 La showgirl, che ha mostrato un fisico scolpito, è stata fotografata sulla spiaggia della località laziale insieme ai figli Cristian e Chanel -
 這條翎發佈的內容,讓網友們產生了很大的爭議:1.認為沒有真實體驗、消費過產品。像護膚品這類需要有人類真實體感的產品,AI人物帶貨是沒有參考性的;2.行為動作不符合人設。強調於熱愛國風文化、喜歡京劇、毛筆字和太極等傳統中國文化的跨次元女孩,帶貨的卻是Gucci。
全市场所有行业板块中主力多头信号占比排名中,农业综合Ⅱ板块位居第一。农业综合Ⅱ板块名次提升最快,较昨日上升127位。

──────────────────────────────

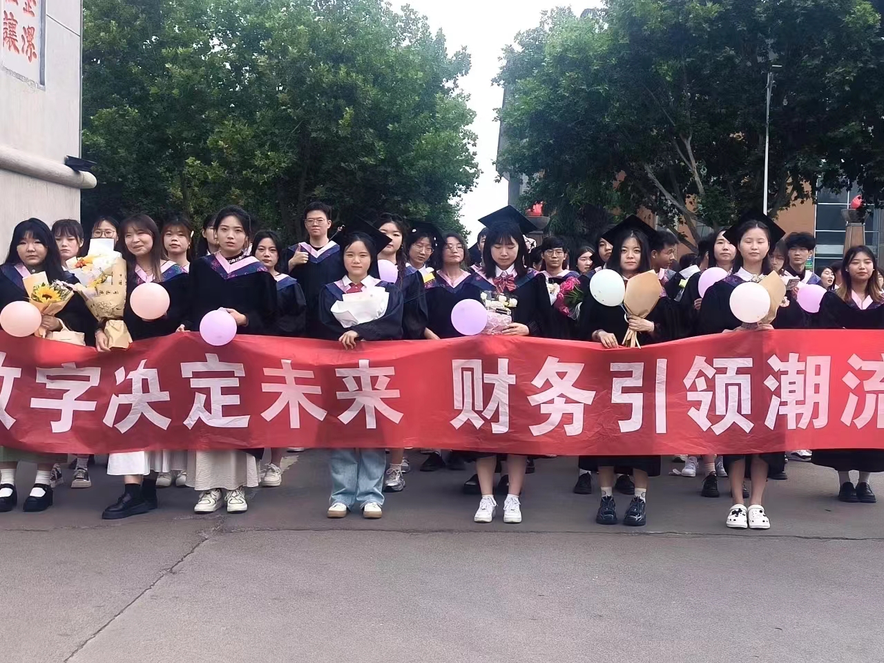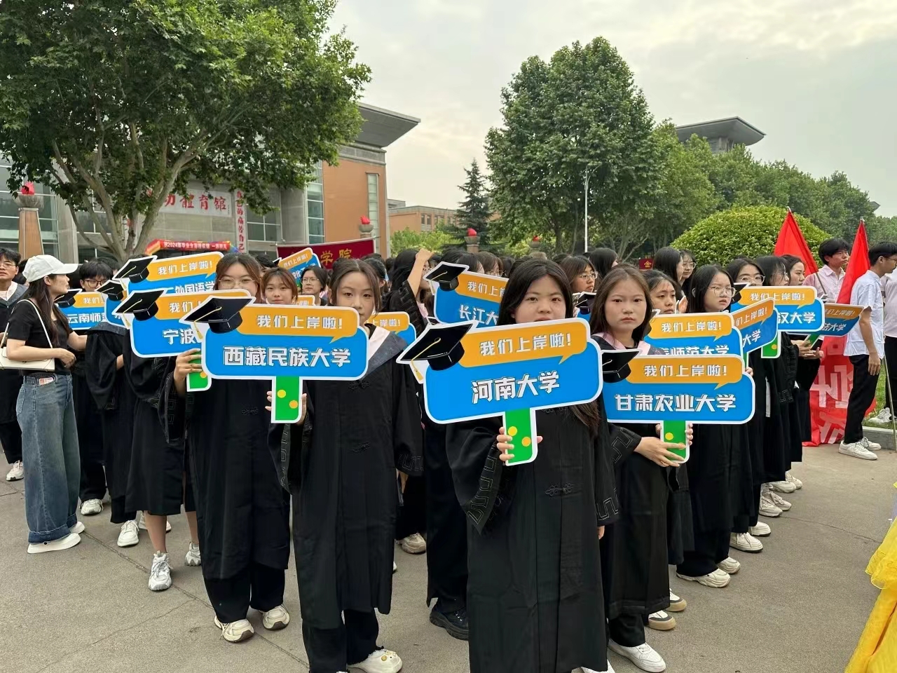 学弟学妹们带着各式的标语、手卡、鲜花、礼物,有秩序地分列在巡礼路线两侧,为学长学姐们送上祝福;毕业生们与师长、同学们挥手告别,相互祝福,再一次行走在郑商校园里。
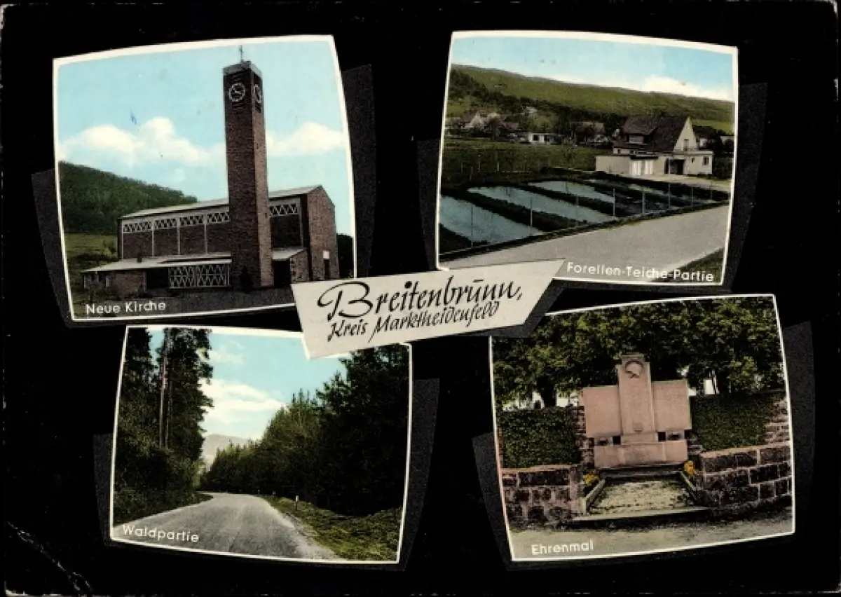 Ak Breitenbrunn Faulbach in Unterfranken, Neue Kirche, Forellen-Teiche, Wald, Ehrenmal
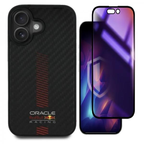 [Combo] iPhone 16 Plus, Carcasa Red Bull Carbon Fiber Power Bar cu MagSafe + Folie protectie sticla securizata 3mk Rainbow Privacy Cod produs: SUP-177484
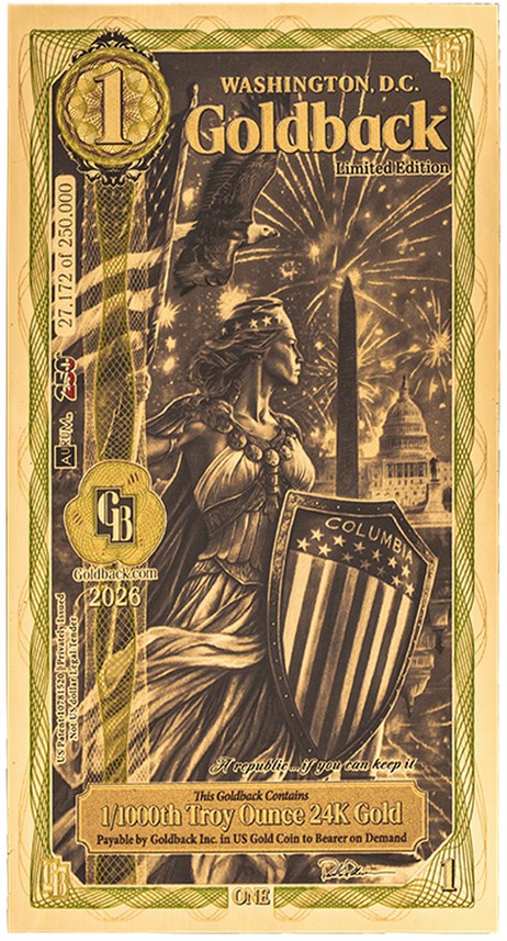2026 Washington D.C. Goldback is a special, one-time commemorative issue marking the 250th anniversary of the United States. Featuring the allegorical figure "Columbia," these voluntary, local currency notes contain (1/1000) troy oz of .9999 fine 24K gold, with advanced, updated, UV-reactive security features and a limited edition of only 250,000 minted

──────────────────────────────

WORK REQUEST:
Since only part of the listing is wanted, copy exactly the lines from the one holding "La showgirl, che" to the one holding "全市场所有行业板块中主力多头", both included.

WRITTEN REPLY:
 La showgirl, che ha mostrato un fisico scolpito, è stata fotografata sulla spiaggia della località laziale insieme ai figli Cristian e Chanel -
 這條翎發佈的內容,讓網友們產生了很大的爭議:1.認為沒有真實體驗、消費過產品。像護膚品這類需要有人類真實體感的產品,AI人物帶貨是沒有參考性的;2.行為動作不符合人設。強調於熱愛國風文化、喜歡京劇、毛筆字和太極等傳統中國文化的跨次元女孩,帶貨的卻是Gucci。
全市场所有行业板块中主力多头信号占比排名中,农业综合Ⅱ板块位居第一。农业综合Ⅱ板块名次提升最快,较昨日上升127位。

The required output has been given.